SIMUTOOL is a follow-on project from MU-TOOL, which was funded under FP7-SME (grant agreement number 286717), and will develop a simulation platform for the manufacturing of composites through microwave (MW) heating. The simulation will include an electromagnetic field coupled with heat transfer mechanisms that take place during the production process. It will also include the process control loop which will enable the optimum design for the manufacturing process. One of the major outputs of the simulation platform will be the successful design of a ceramic matrix composite tool with a MW absorbing layer, in order to maximise the energy saving potential of the MW heating process. The project addresses the manufacturing issues of MW heating of composites which stem from the lack of understanding of the basic physics of the process (the most important item being how carbon fibres interact with the microwave field). The project will increase the Technology Readiness Level (TRL) of the MW heating of composites process to TRL 6-7 from TRL 5. This project is a three year project, sponsored by the European Commission, under H2020-FoF-2015 (grant agreement number 680569), which started in September 2015, and is due for completion in February 2019.
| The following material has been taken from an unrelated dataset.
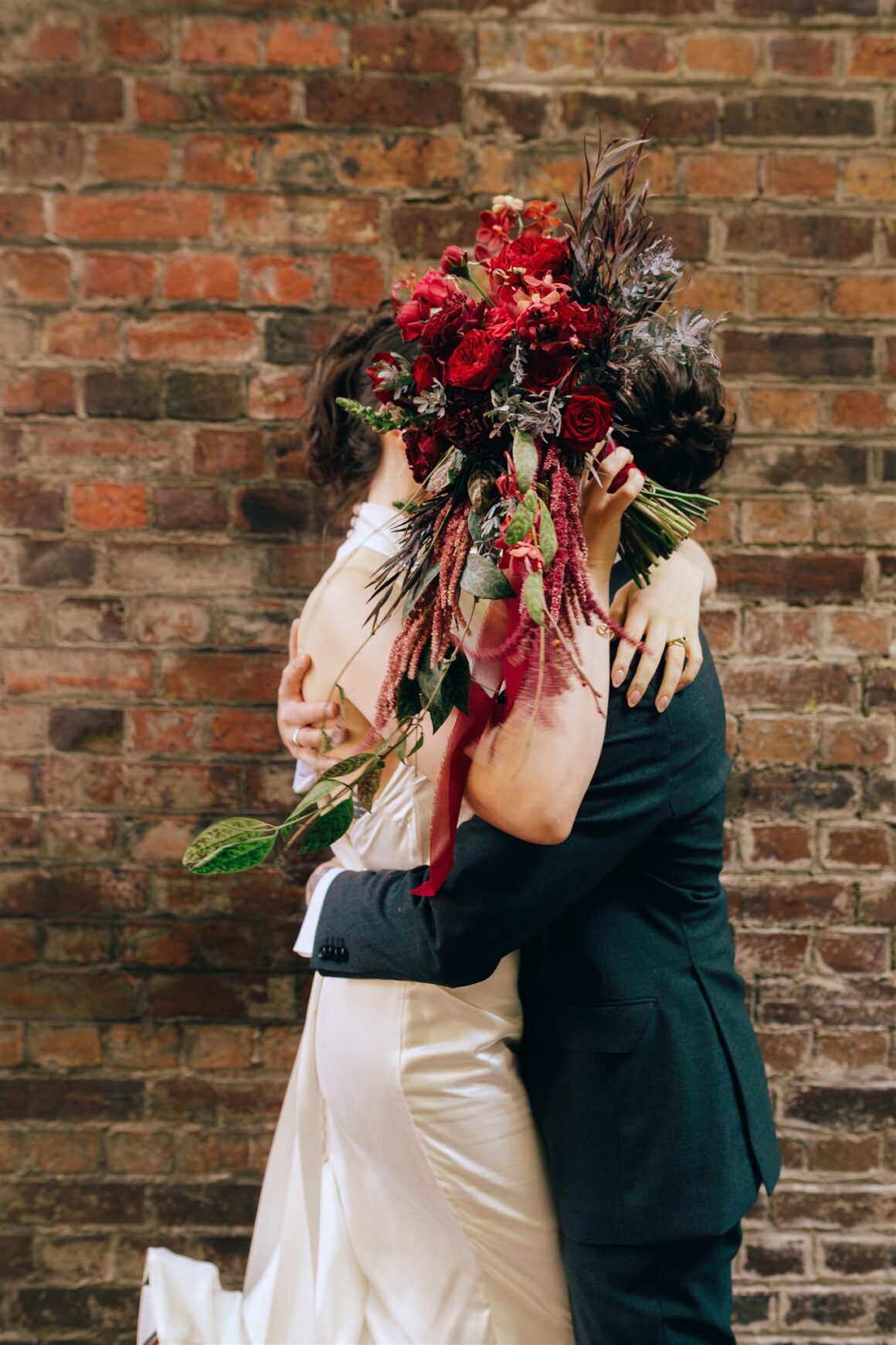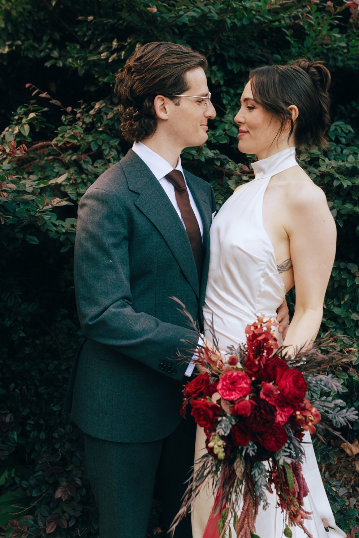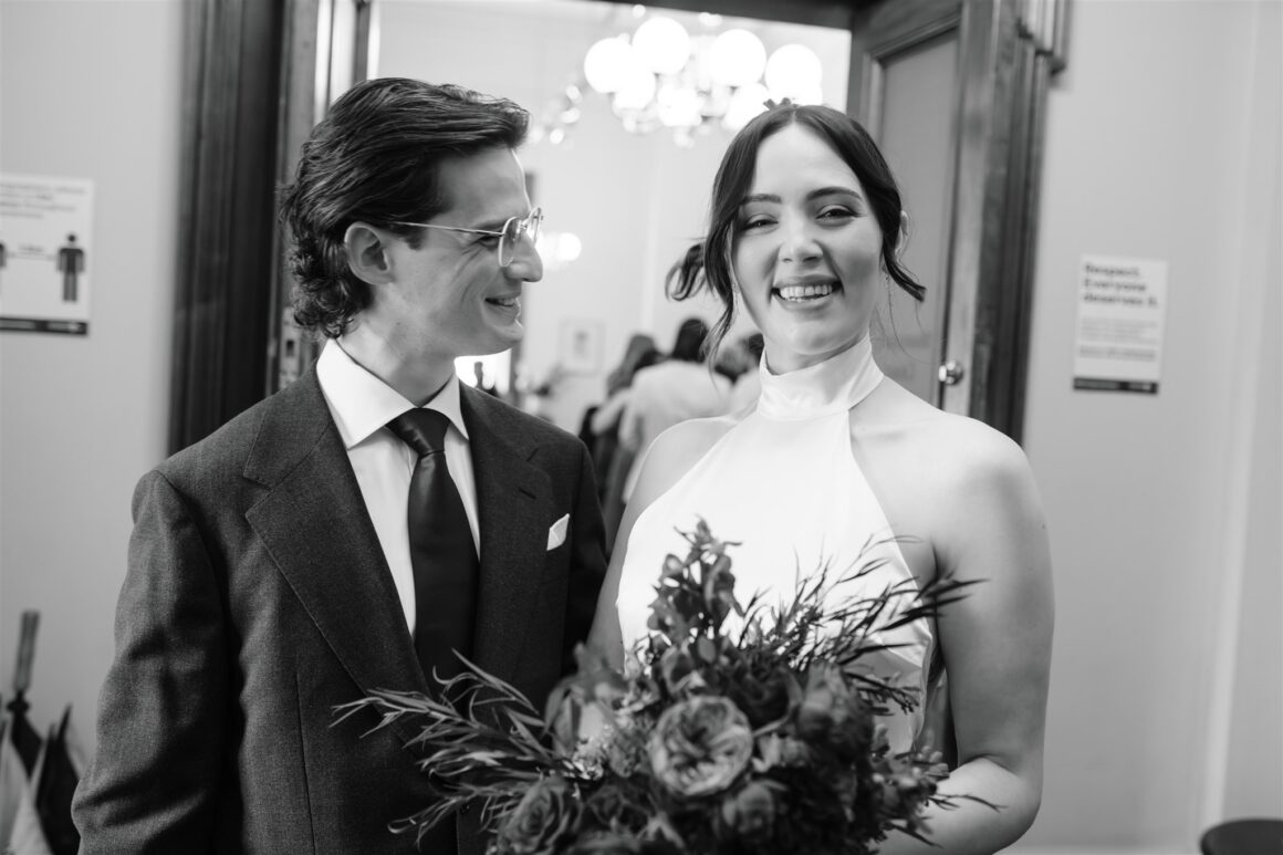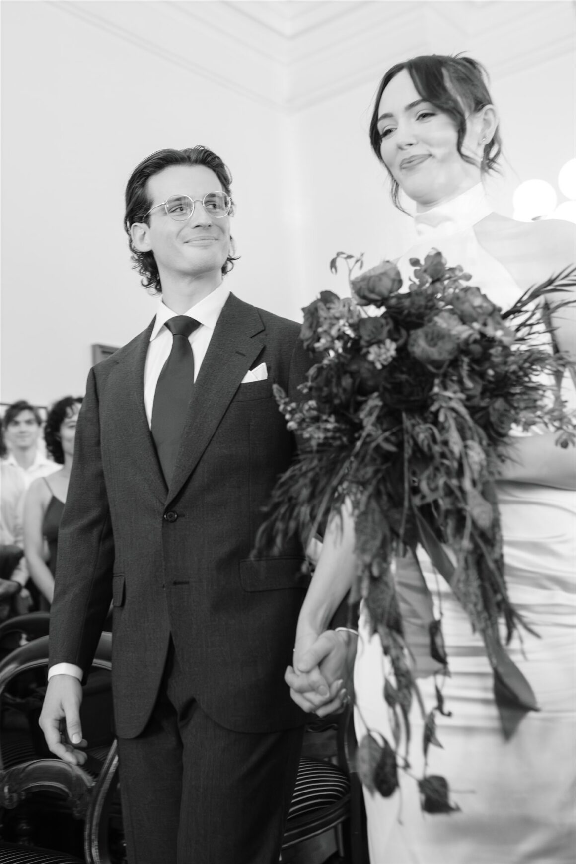 « Je pense que le moment de la journée qui me vient le plus à l'esprit a été de me promener en ville pour prendre nos photos de couple », ajoute le marié, qui a opté pour un costume P. Johnson et des boutons de manchette anciens. Dans un sentiment partagé par de nombreuses personnes qui se marient, le marié nous a dit que les préparatifs de la cérémonie avaient été flous, mais dans ces moments avec Roxanne (et la photographe Georgia Wiggs capturant les candides), tout s'est réglé. « Même si Georgia a bien sûr documenté tout le temps, elle a fait un travail formidable en nous donnant beaucoup d'espace tout en étant suffisamment présente pour prendre des photos fantastiques. »

The main concept of SIMUTOOL is the full modelling and simulation of the MW heating process using a combination of established modelling software packages (for the physicochemical phenomena) and CAD/CAE software packages which take into account the MW oven, novel tool, interactions of microwaves with all the materials inside the oven, modelling of the feedback loop control, and optimisation of the process. The final aim is to offer a modelling and simulation toolset of the MW heating process to the composites industry that does not exist today. Such a toolset will provide a comprehensive insight into the physical and chemical phenomena that occur during the process. It will enable industries to take full advantage of the MW heating process.


  • Build a process simulator for the interaction of the tool and composite material with MW energy (coupled electromagnetic/heat transfer modelling).
  • Understand the process control loop in the MW oven (temperature control through MW power output).
  • Design and build a ceramic matrix composite tool with a durable MW absorbing layer so that:
    • The bulk of the tool is transparent to microwaves.
    • Heating is directed to the composite part and not to the whole tool.
  • Monitor the manufacturing process through dielectric sensors.
  • Integrated simulation/production data management.
  • Production of composite parts using 30% less energy compared to conventional processes.
  • Integrate the MW heating process with automated fibre placement technology.
  • Assess the potential economic impact of the developed technologies.